3

I am new to machine learning, and I'm trying to cover some of the basics. One of the assumptions of linear regression is a linear relationship.

However on Reddit I was told today that no machine learning model requires a correlation between any of the predictors and the output. My question is is there a difference between correlation, and a linear relationship?

kjetil b halvorsen
  • 63,378
  • 26
  • 142
  • 467
Jweir136
  • 31
  • 1
  • Regarding the connection between simple linear regression and correlation, there are some useful answers on SE. See e. g. the answers to [this Q](https://stats.stackexchange.com/q/2125/136579) and [this answer](https://stats.stackexchange.com/a/133331/136579). – statmerkur Dec 28 '18 at 10:43

1 Answers1

3

One of the assumptions of linear regression is a linear relationship.

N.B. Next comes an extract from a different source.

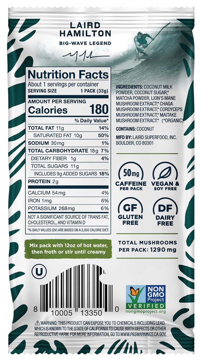 About this item Imagine, a perfect blend of Japanese matcha and our Sweet & Creamy Superfood Coconut Creamer. And now we’ve added our favorite functional mushroom extracts to bring even more benefit to your match experience. Ready for a superfood matcha latte whenever and wherever you want it You no longer need a coffee shop (or tons of time) to get a boost of delicious, functional fuel. Laird adds adaptogens and functional mushrooms to his diet to help him stay balanced in moments of stress. Add 1/4 cup of Instant Latte to your cup. (Trust us, add the powder first!), Add 12 ounces of hot water, Froth & Enjoy! Now available in single serve sachets so you can enjoy your favorite latte anywhere, anytime! › See more product details,Imagine, a perfect blend of Japanese matcha and our Sweet & Creamy Superfood Coconut Creamer. And now we’ve added our favorite functional mushroom extracts to bring even more benefit to your match experience,Ready for a superfood matcha latte whenever and wherever you want it You no longer need a coffee shop (or tons of time) to get a boost of delicious, functional fuel,Laird adds adaptogens and functional mushrooms to his diet to help him stay balanced in moments of stress,Add 1/4 cup of Instant Latte to your cup. (Trust us, add the powder first!), Add 12 ounces of hot water, Froth & Enjoy!,Now available in single serve sachets so you can enjoy your favorite latte anywhere, anytime!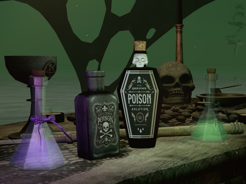 The poison bottles in my scene are holdables, but since I could only wear one bottle, I rezzed the other two into the scene.

There is a fairly common confusion on this matter that makes the scope of linear regression look narrower than it actually is. In regression analysis, we model the expected value of a response variable $Y_i$ conditional on some regressors $\mathbb{x}_i$. In general, we write the response variables as:

$$Y_i = \mathbb{E}(Y_i|\mathbb{x}_i) + \varepsilon_i \quad \quad \quad \varepsilon_i \equiv Y_i - \mathbb{x}_i,$$

where the first part is the true regression function and the second part is the error term. (This model form implies that $\mathbb{E}(\varepsilon_i | \mathbf{x}_i) = 0$.) In a linear regression we assume that the true regression function is a linear function of the parameter vector $\boldsymbol{\beta} = (\beta_0,...,\beta_m)$. This gives us the model form:

$$Y_i = \sum_{k=0}^m \beta_k x_{i,k}^* + \varepsilon_i \quad \quad \quad x_{i,k}^* \equiv f_k(\mathbf{x}_i).$$

You can see from this model form that we can transform the original regressors $\mathbf{x}_i$ via any transform we want (including a non-linear transform). Hence, tThe important thing to notice about this is that linear regression does not necessarily assume linearity with respect to the regressor variables. The "linear" in linear regression comes from the fact that the model is linear with respect to the parameters in the regression function. Nonlinear regression occurs when the regression function has one or more parameters that cannot be linearised.

...is there a difference between correlation, and a linear relationship?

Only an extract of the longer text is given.